Overall, it is shown that ensemble machine learning models such as ExtraTrees and random forest algorithm perform well in stroke prediction, achieving particularly high accuracy and AUC scores. Cross-validation techniques were applied to prevent overfitting and validate the data. In addition, ANN and GANN were applied and compared with the ExtraTrees classifier model.

However, complex ensemble models, while they often produce accurate results, can lack interpretability. Understanding how these models make predictions is crucial, especially in sensitive domains like healthcare. Challenges in interpretability include the black-box nature of many ensemble models, as well as their complexity arising from the combination of multiple base learners. Additionally, the non-linear relationships captured by ensemble models can further complicate interpretation. To address these challenges and ensure transparency and explainability, several techniques can be employed. Feature importance analysis calculates feature importance scores, indicating how much each feature contributes to the model’s predictions.

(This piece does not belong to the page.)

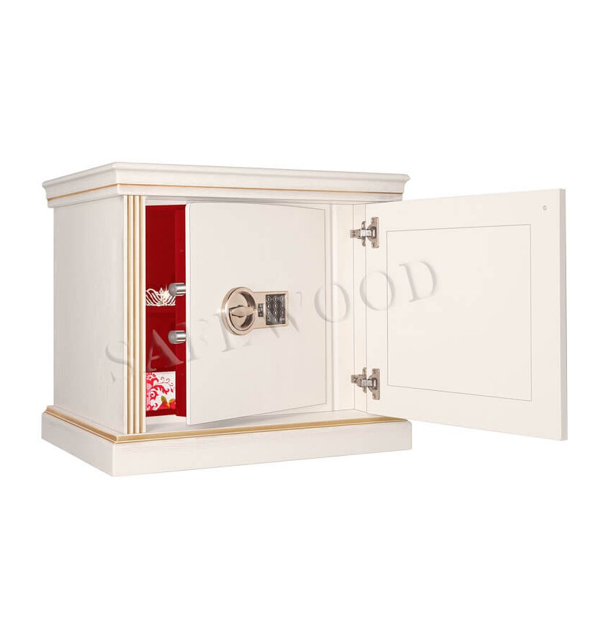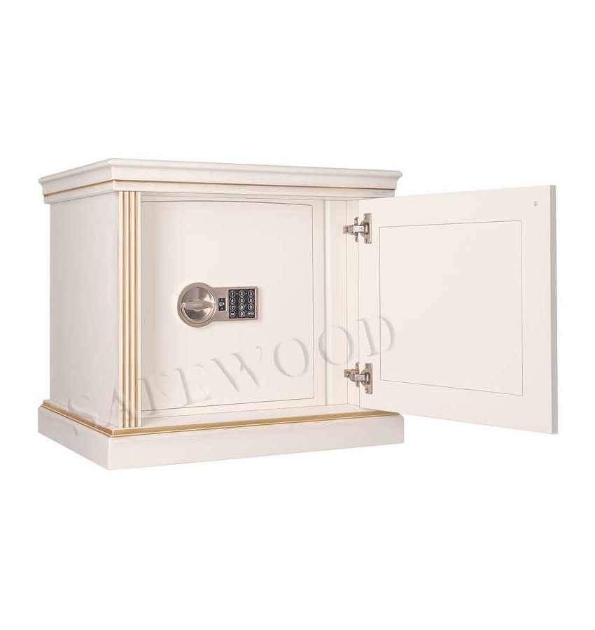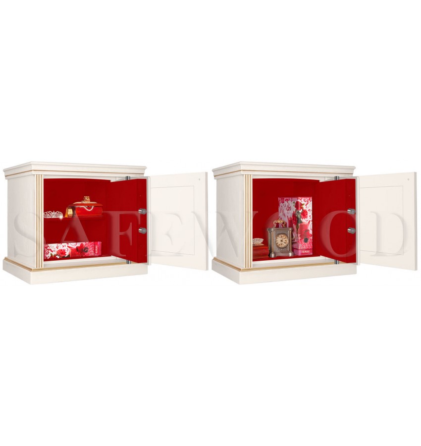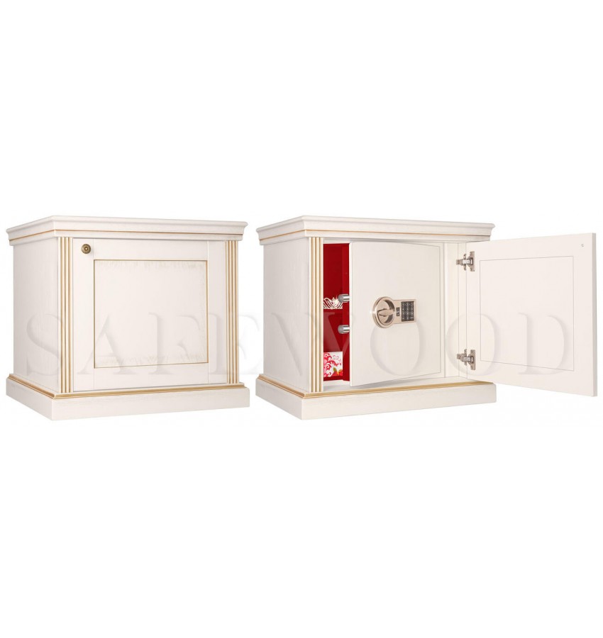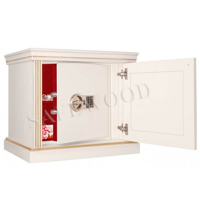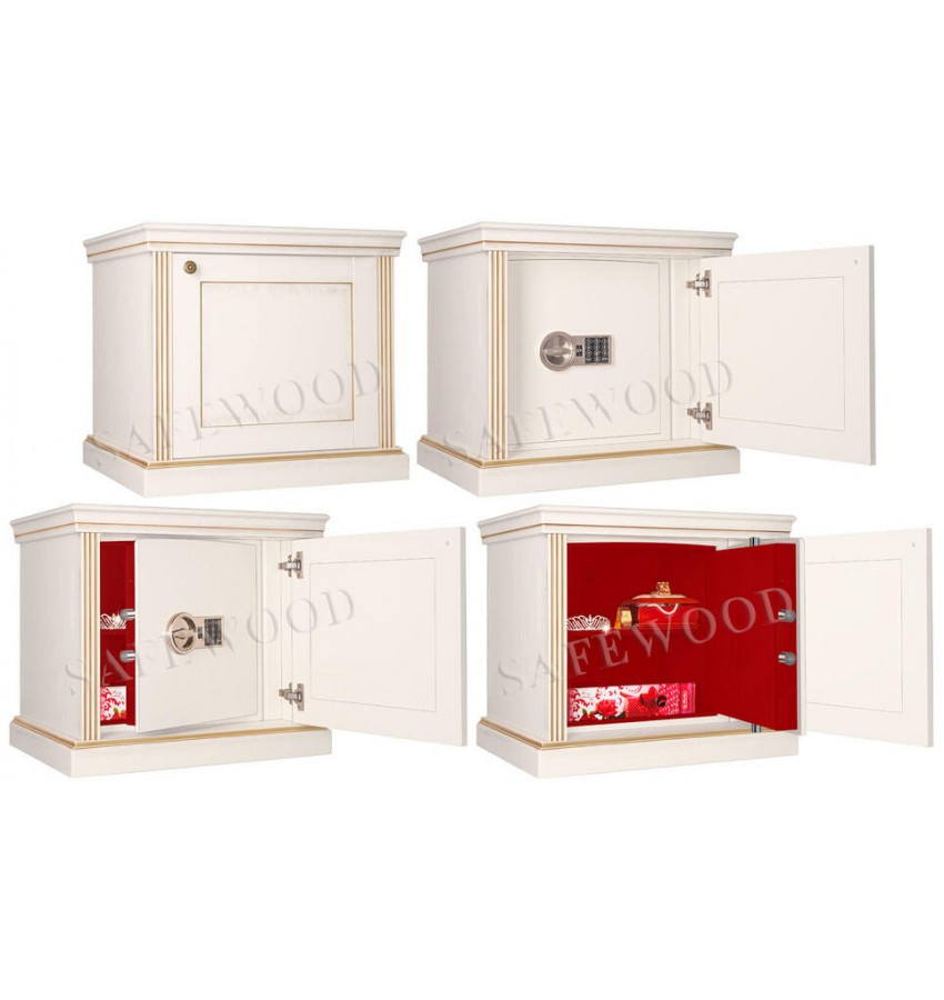 ОписаниеСкрытое исполнение. Сейф выполнен в виде мебельной тумбы. Имеет дополнительную наружную мебельную дверь, за которой скрыт непосредственно сам сейф. Элитный взломоогнестойкий сейф с отделкой натуральным деревом. Наружная отделка - натуральное окрашенное дерево (по каталогу RAL) с патинированием. Возможны различные цвета окраски и патинирования. Вся внутренняя поверхность сейфа имеет престижное мягкое покрытие флокированием бархатом. Сейф сертифицирован на устойчивость к взлому – 1 класс. Умеренная огнестойкость – приблизительно 20Б. Корпус имеет двойные стальные стенки, межстеночный наполнитель – бетон. Металлические детали сейфа имеют гигиенически-безопасное, коррозионно-стойкое полимерно-порошковое покрытие на основе материалов производства ЕС. В отличие от других сейфов с отделкой деревом, сейфы Safewood являются Взломоогнестойкими сейфами. Может использоваться как ювелирный сейф. Для хранения ювелирных изделий, украшений и ценностей сейф дополнительно комплектуется выдвижными или съёмными флокированными лотками. Замок Сейф оборудован электронным кодовым замком PS-300 либо высокосекретным электронным кодовым замком Mauer (Германия). Уточняйте при покупке. Такие замки Вы можете по Вашему выбору эксплуатировать в режиме одного пользовательского кода, либо в режиме двух кодов (мастер-код и рабочий код). Вы можете выбрать кодовую панель электронного замка – Хром либо Gold. Варианты кодовых панелей представлены на дополнительном фото. Стоимость сейфа и гарантия зависит от типа замка и кодовой панели. Цена приведена для случая поставки сейфа с замком PS-300 с кодовой панелью Хром. При поставке с замком PS-300 с кодовой панелью Gold доплата 17157 рублей. При поставке с замком Mauer (Германия) с кодовой панелью Хром доплата 11473 рублей. При поставке с замком Mauer (Германия) с кодовой панелью Gold доплата 23472 рублей. Кодовые панели Gold имеют покрытие золотом 24 карата. На кодовую панель Mauer Gold имеется европейский сертификат. При поставке сейфа с электронным кодовым замком замком PS-300 ( с любой кодовой панелью) - гарантия на сейф – 5 лет, гарантия на замок составляет 2 года. При поставке сейфа с электронным кодовым замком Mauer (Германия) ( с любой кодовой панелью) гарантия – 5 лет, как на замок, так и на сейф. Защита Сейф имеет усиленную коробчатую дверь, передний лист двери – сталь 10мм. Петли – внутренние. Имеется защита замка от высверливания твёрдосплавной пластиной. Мощная запирающая система с запиранием по всем сторонам. Вращающиеся ригели диаметром 25мм. Внутреннее устройство Внутри сейфа съёмная полка. Установка Предусмотрена возможность крепления сейфа к полу. Модификации Имеются различные варианты цвета деревянной отделки, а также возможность изготовления по образцу Вашей мебели. Возможны различные цвета окраски и патинирования. Некоторые примеры – на дополнительном фото. Возможно так же изготовление по образцу Вашей мебели. Любые сейфы Safewood могут поставляться как с традиционной деревянной отделкой, так и в исполнении окрашенное дерево с патинированием либо окрашенное дерево без патинирования. Имеются различные цвета внутренней отделки ( например на основном фото – флок бордо). Любой сейф Safewood или Armwood – по желанию заказчика может быть изготовлен в скрытом исполнении. Дополнительная информация Наружная дверь, по желанию заказчика, 
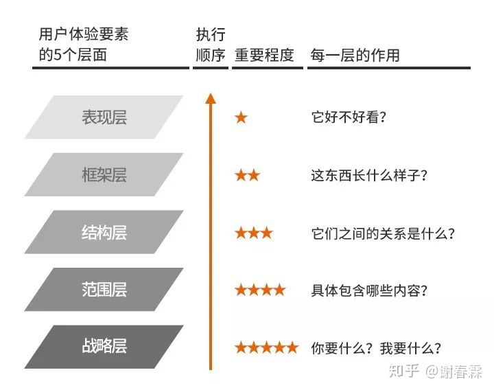 有一本書叫做《用戶體驗要素》,它是講怎么建設一個網站的,但我們可以把其中的核心框架(用戶體驗要素的5個層面)剝離出來,遷移到任何“建設類”的項目中,小到一篇文章,大到一棟大廈、一個軟件系統,你都能通過這個框架,非常清晰的看到整個建設過程中各個任務的主次輕重之分。

Integrating multi-modal data, such as clinical records, imaging data, and genetic information, is crucial to enhancing predictive accuracy and facilitating personalized treatment plans for stroke patients. Each data modality provides unique insights into different aspects of stroke risk and patient health status.

5. Conclusions

This research aimed to predict the risk of stroke at an early stage, which can help to reduce the death rate and increase the survivor rate in stroke patients. The high number of stroke cases in the UK in recent years highlights the importance of developing effective predictive models. This research aimed to develop a predictive classification model for the occurrence of stroke and assess the performance of the model by using appropriate evaluation metrics. Additionally, a data mining methodology was used. The findings indicate that ensemble methods, particularly the ExtraTrees classifier, achieved the highest accuracy, 98.24%, and the highest area under the curve (AUC), also 98.24%. This performance is superior to that of other models, including random forest, which also performed well, with 98.03% accuracy and AUC. These results highlight the effectiveness of ensemble methods for stroke prediction. Data pre-processing played a crucial role in improving model performance. The use of Synthetic Minority Oversampling Technique (SMOTE) for handling class imbalance, along with normalization and feature selection, was essential. These pre-processing steps ensured that the models were trained on balanced and well-prepared data, leading to more reliable predictions. When compared with the existing state-of-the-art stroke prediction methods, the proposed ensemble model demonstrated superior performance, indicating its potential for clinical application. This finding underscores the effectiveness of the advanced machine learning techniques employed in the study.

The integration of various data types, including demographics, medical history, and lifestyle factors, was emphasized as essential to enhancing predictive accuracy and providing personalized treatment plans. This multi-modal data integration ensures that predictions are comprehensive and tailored to individual patients, improving the overall healthcare outcome. While ensemble methods like ExtraTrees and random forest offer high accuracy, this study acknowledges the challenge of interpretability in complex models. To address this, techniques such as feature importance analysis are proposed, ensuring that the models remain transparent and explainable. This balance between high performance and interpretability is crucial for the adoption of these models in clinical settings.